The Best American Mystery Stories 2006
Page 40
It was a hard tramp down South Mountain to a road, but she propped me and kept shushing when I tried to say what all I reckoned had transpired. She named birds in the trees and flower bells by the pathway, keeping my mind from drifting back to that blood scene. It wasn’t till I’d had a night sleep and bowls of broth and some dittany tea with hard brandy that she said, let’s tell it now, and the whole swirling tussle came back before me, the blades in failing light, some rutting and laughter, the red tide and apples, my scream through green light, and the hint of honey.
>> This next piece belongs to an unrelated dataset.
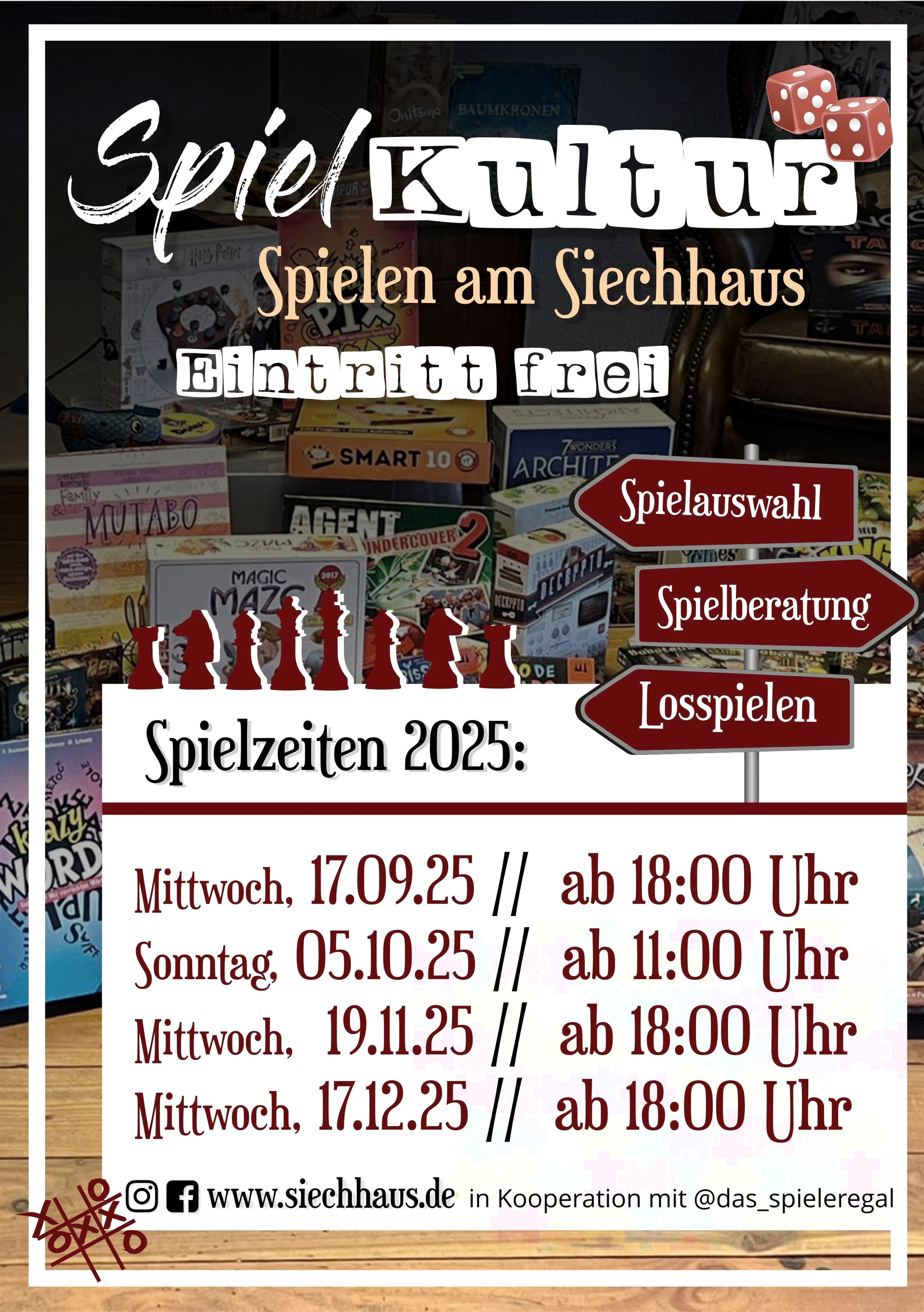 A varied games day awaits you at the Siechhaus! Whether you are a board game pro or a novice, you will always find a suitable game here - under expert guidance and in cooperation with Das Spieleregal. Immerse yourself in new worlds of games, get to know nice people and enjoy a relaxed day full of challenges and entertainment.

Before long the pieces in my heart had commenced to come together like a puzzle, while the rain was drumming again, shaking me back to that day with its whirlwind and bloodshed, and then I knew what I knew.
~ * ~
The Account of a Baffling Spirit Appearance as Reported by Sister Sura Sawyer in the Roanoke Alternative Magazine, April 7, 1965
As I was about to release my familiar, Prince Akira, at the conclusion of a successful séance, a voice unknown to me interceded and delivered a mysterious report which bore on none of the present circle but which seemed not of negligible import. As follows is my best recollection of the monologue spoken by a beard-faced essence hovering above the table but never fully in focus, as tormented spirits are wont to appear:
When my sister Sheila passed in childbirth, I swore to help her lawful husband hold the child precious, as the Irish Creek was rife with copperheads of both the crawling and walking kinds. Poor sister, who was smitten hard with Anders Grove and never recovered from lovewit before she met her end. She was fool for a fiddle, and he bowed string music all along the Pedlar at play parties and stump speeches, moving widows, wives, and maids alike to sashay and smile. I took a shine to himself and pleasured at playing reel music to his devil’s box. It’s true enough he doted on her, but he had more eyes than the one, and they traveled, so even before Sheila was spent, I had concerns for her and the baby that he mightn’t stay and provide. When Anders was done in by a broke shaft timber, I knowed the child would get her best raising from me alone. I might be prone to poach and loath to till, but I had my own ways of bringing the specie in.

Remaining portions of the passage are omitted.